I’m running a Spark SELECT query on a Delta Lake table partitioned by year, month, day, and hour, derived from a timestamp column. When I execute the query in Zeppelin, Spark is aware of the partitions and applies partition filters as expected. However, when I run the same query on the same table in my own Spark application (written in Java), the physical plan shows no awareness of partitions, leading to a less efficient query. According to this documentation, delta lake should automatically levarage partitions when using generated columns.
Example query:
%sql
select *
FROM delta.`tablepath`
WHERE coAt < '2023-05-22 13:00:00.0';
Physical plan:
== Physical Plan ==
Project (5)
+- Filter (4)
+- Filter (3)
+- Filter (2)
+- Scan ExistingRDD Delta Table State with Stats #58 - hdfs:<path> (1)

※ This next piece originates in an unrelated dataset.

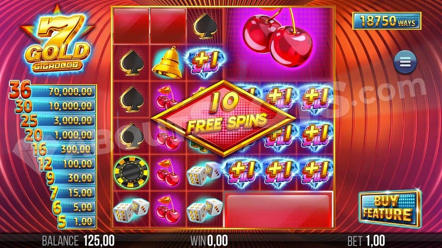 The Gold 7 Bonus Symbol can appear anywhere. You can’t make regular wins with it, but it awards cash prizes as long as you land 5 or more anywhere on the grid.

(1) Scan ExistingRDD Delta Table State with Stats #58 - hdfs:<path>
Output [7]: [path#112840, partitionValues#112841, size#112842L, modificationTime#112843L, dataChange#112844, stats#112855, tags#112846]
Arguments: [path#112840, partitionValues#112841, size#112842L, modificationTime#112843L, dataChange#112844, stats#112855, tags#112846], Delta Table State with Stats #58 - <path> MapPartitionsRDD[2934] at $anonfun$recordDeltaOperationInternal$1 at DatabricksLogging.scala:77, ExistingRDD, UnknownPartitioning(0)
(2) Filter
Input [7]: [path#112840, partitionValues#112841, size#112842L, modificationTime#112843L, dataChange#112844, stats#112855, tags#112846]
Condition : UDF(true, size#112842L, stats#112855.numRecords)
(3) Filter
Input [7]: [path#112840, partitionValues#112841, size#112842L, modificationTime#112843L, dataChange#112844, stats#112855, tags#112846]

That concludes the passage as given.